Cost savings for first two years using LED = Rs.12775 – Rs.10400 = Rs.2375

Cost savings for next two years (assuming I don’t have to replace LED drivers which costs Rs.5000) = Rs.12775

Cost savings for four years total = Rs.15150

That’s much more than what a fixed deposit could give! Factor in rising power prices and usage of Diesel Generators for backup, the savings would be higher.

My college has been using LED streetlights, out of which 80% of them have never failed in my two years there.

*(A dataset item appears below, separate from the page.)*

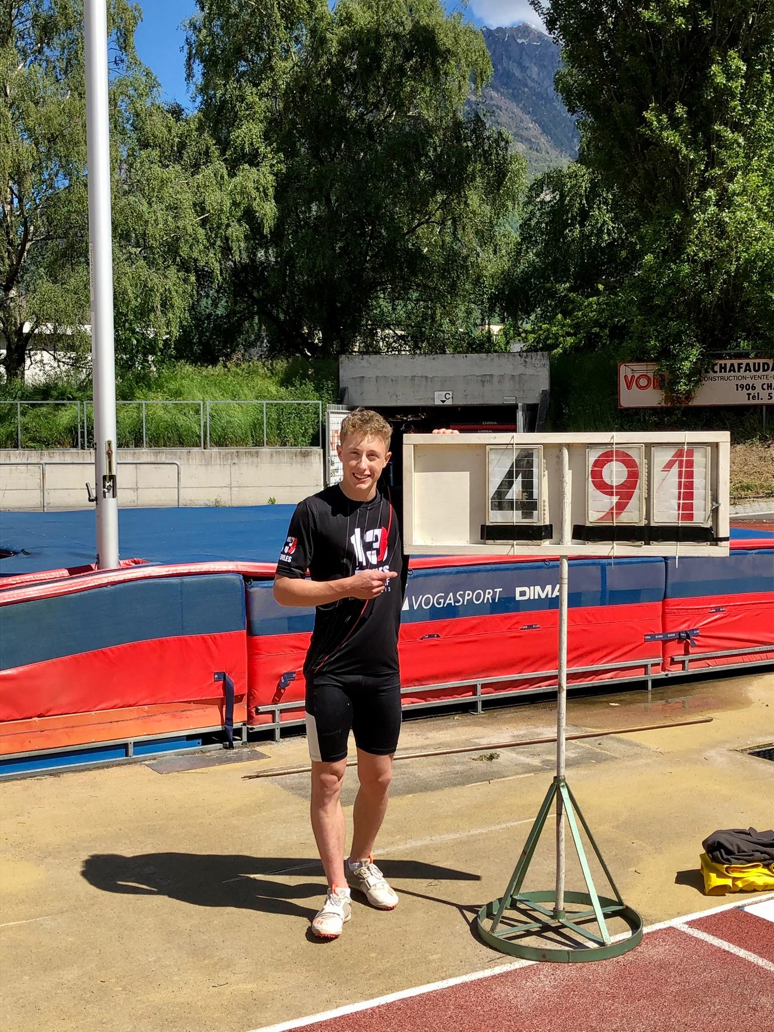 23 mai 2021 Dans le cadre d’un meeting organisé par le CABV Martigny, Justin Fournier a établi un nouveau record valaisan (toutes catégories) et suisse (catégorie moins de 18 ans) en saut à la perche, soit 4.91 mètres. Justin a passé une barre 31 cm plus haute que son ancienne marque à 4.60 mètres. Pour l’anecdote, à relever que l’ancien record valaisan (toutes catégories) étaient codétenu depuis le début mai 2021 seulement par un autre collègue du club, Valentin Imsand, qui avait réalisé un saut à 4.90 mètres. Félicitations à nos jeunes et à leur encadrement assuré par la famille Zengaffinen.

Hence the LED drivers can be deemed reliable for 2 years.. and hopefully the chance to fail in the 3rd and 4th years is also less as the quality seems good. Hence I’ll be buying it shortly.

More Buying tips

  1. Quality of LED products is critical. You don’t want to buy a LED driver that costs Rs.100 and that has to replaced ever few months or so. Also you don’t want to buy LEDs that are dimmer than CFLs. For people in South India, you can try asking from Precious Lighting solutions in Ritchie street. They are willing to ship. They assemble LEDs buy buying parts from Edison optronics. You can either get parts in non-assembled form to save some cost or get in assembled form if you don’t have time to solider. Shah infotech, another shop in Ritchie street is also an option, though their collection of products is lesser.
  2. Buy from shops that know about the product they’re selling. If they don’t know stuff related to lighting like luminous efficacy, then most probably they’re conned themselves by merchants. For example my experience in Madurai revealed shops that knew absolutely nothing about the products and were of very inferior quality.
  3. Cost of the LED lights at present is such that you’ll have to use it heavily to be economically beneficial.

I’ll probably merge the buying tips into one post later.

Environmental Impact

The most important reason why I go for LEDs. But I’ll probably have to deal with this in more detail in a separate post. But anyhow..

  1. Environmentally, LEDs have slightly reduced impact compared to CFLs, according to a 2012 report which compared a 60W incandescent bulb with 12.5W LED and 15W CFL. Today however, a 60W incandescent(12lumen/W) can be replaced with 7W LED bulb(110-150lumens/W), hence the gap would have widened. Also in recessed lighting, LED requirements will be a third to half that of CFLs and the footprint will be reduced considerably in that case. By 2017 LEDs will be much better off, as the technology is exponentially improving while Fluorescent technology has saturated.
  2. Energy Star, an US government certifying organization has a list of certified products (both LED and CFL) which can be used for reference for buying. Here’s the pdf

That’s it for now. Will be back with an update on the Floodlight later in a few months.